Final answer:
To determine the pressure in a 12.0-L cylinder with 40.6 g of oxygen gas at 327 K, the ideal gas law is used. After calculating the moles of O₂ and using the constant R with appropriate units, the pressure is found to be approximately 2.843 atm.
Step-by-step explanation:
The student is asking to calculate the pressure inside a 12.0-liter cylinder filled with 40.6 grams of oxygen gas at a temperature of 327 K. To solve this problem, we can use the ideal gas law equation PV = nRT, where P represents pressure, V is volume, n is the number of moles of the gas, R is the ideal gas constant, and T is the temperature in Kelvins.
First, we need to convert the mass of oxygen gas into moles. The molar mass of O₂ is approximately 32.00 g/mol.
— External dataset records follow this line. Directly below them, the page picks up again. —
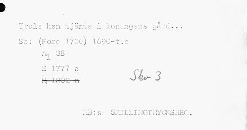 //// 9 //// i //// « //// Truls han tjänte i konungens gård... Se: (F öre 1700) 1690-t.c //// A Q O . J-\ i JU //// F 1777 q //// XIII a ^ //// itj 1002 ).! ° ^ ^ //// KB : s SKILLI NGT RYCKS REG. //// : ////
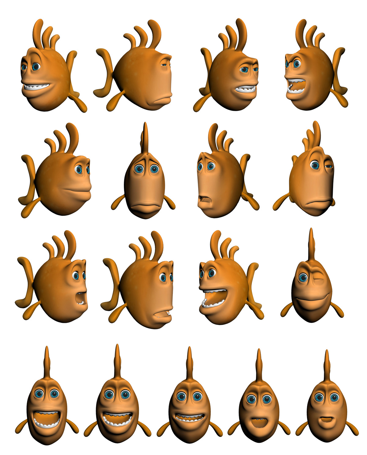 Aquí dejo este pezecillo, es bastante simple, lo que quería con este ejercicio era practicar con el morphista, así que, e dejado un poco más descuidado modelado y textura, e dejado unas cuantas de las expresiones que se pueden sacar.
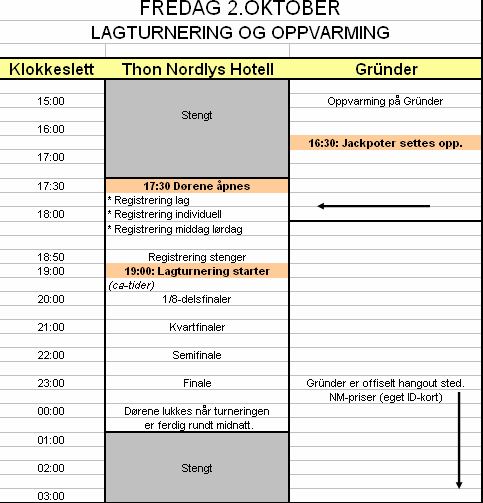 Nå er det bare en dag igjen til årets Norgesmesterskap i backgammon. Fredag 2.oktober er det oppvarming, lagturnering og sosialisering som står på plakaten. Vi ønsker alle velkomne til Bodø. I bildet under ser du tidsplanen for det som skal skje fredag, og lengre ned for lørdag og søndag. Mange kommer til Bodø lenge før turneringslokalene åpner, og ønsker dere å gjøre noe annet enn å sitte på hotellrommet anbefaler vi folk å møte hverandre på Gründer. Her vil vi fra ca halv fem starte noen jackpoter, og vi kan også anbefale folk å spise middag her. Vi har avtale med Gründer og får backgammonpriser hele helga , det bare å si i fra om at man er med i NM i backgammon for å få våre svært fordelaktige priser (ved registrering senere får du rabattkort).
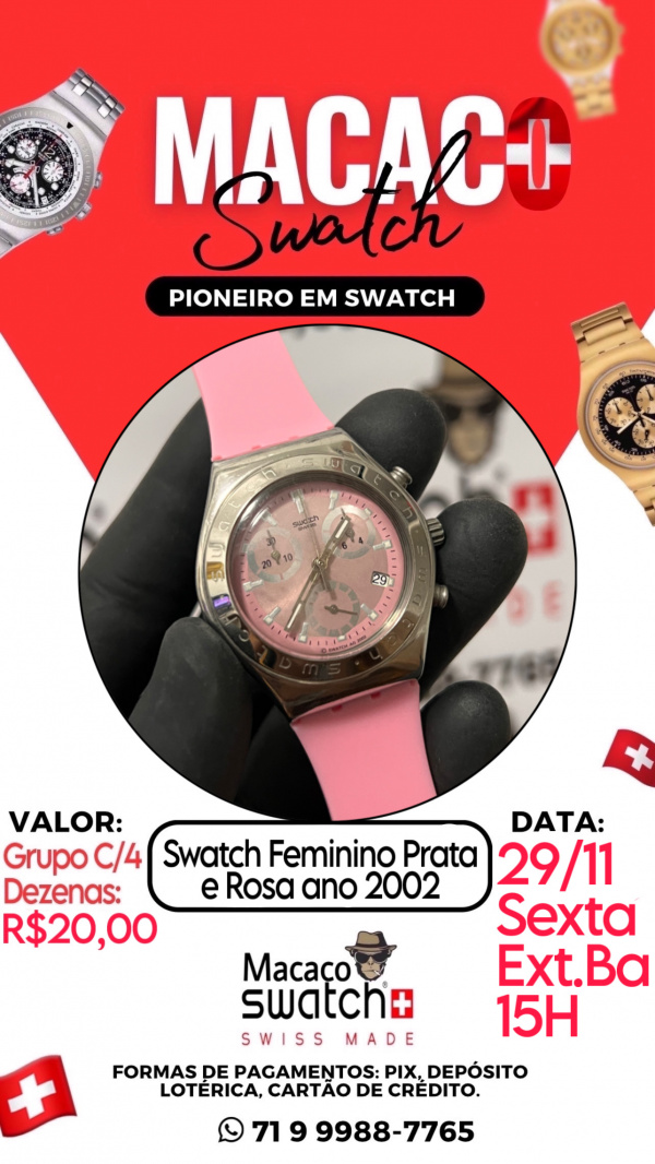 Swatch Feminino Prata e Rosa ano 2002
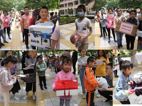 最后在公司广场举行了捐赠仪式。根据公司发起的“点亮微心愿,共筑大梦想”的活动方案,共收到85位孩子们的微心愿,公司教职工积极认领,共有61名教工精心准备微心愿礼物95件,其中有员工文具、课外书籍、球类、学习资料以及无人机等等。一些老师还专门书写了鼓励的留言小卡片。仪式上,师生代表亲手把公司教职工的微心愿礼物交到每一位员工手中,并宣读了部分教工的祝福语,鼓励同学们刻苦学习、努力奋斗,争做全面发展的好员工。之外公司还捐赠了消毒洗手液、一次性医用口罩和文具、显微镜等物资。董事长李文宏代表全体师生对英国365集团师生表达了衷心感谢,在一片欢声笑语中本次帮扶活动渐入尾声。
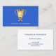 This bright blue business card has a golden coloured trophy on the front to signal achievement and success. The caption is "TRAINING TO SUCCEED" (editable for your preferred strapline).

So, the number of moles of oxygen (n) is:
n = Mass / Molar mass = 40.6 g / 32.00 g/mol = 1.269 mol (rounded to three significant figures)
The ideal gas constant (R) in units of L·atm/K·mol is approximately 0.0821. Now we can rearrange the ideal gas law to solve for pressure (P):
P = nRT / V
Thus, the pressure of the gas is:
P = (1.269 mol × 0.0821 L·atm/K·mol × 327 K) / 12.0 L
P = 2.843 atm (rounded to three significant figures)
Therefore, the pressure in the 12.0-L cylinder filled with 40.6 g of oxygen gas at 327 K is approximately 2.843 atm.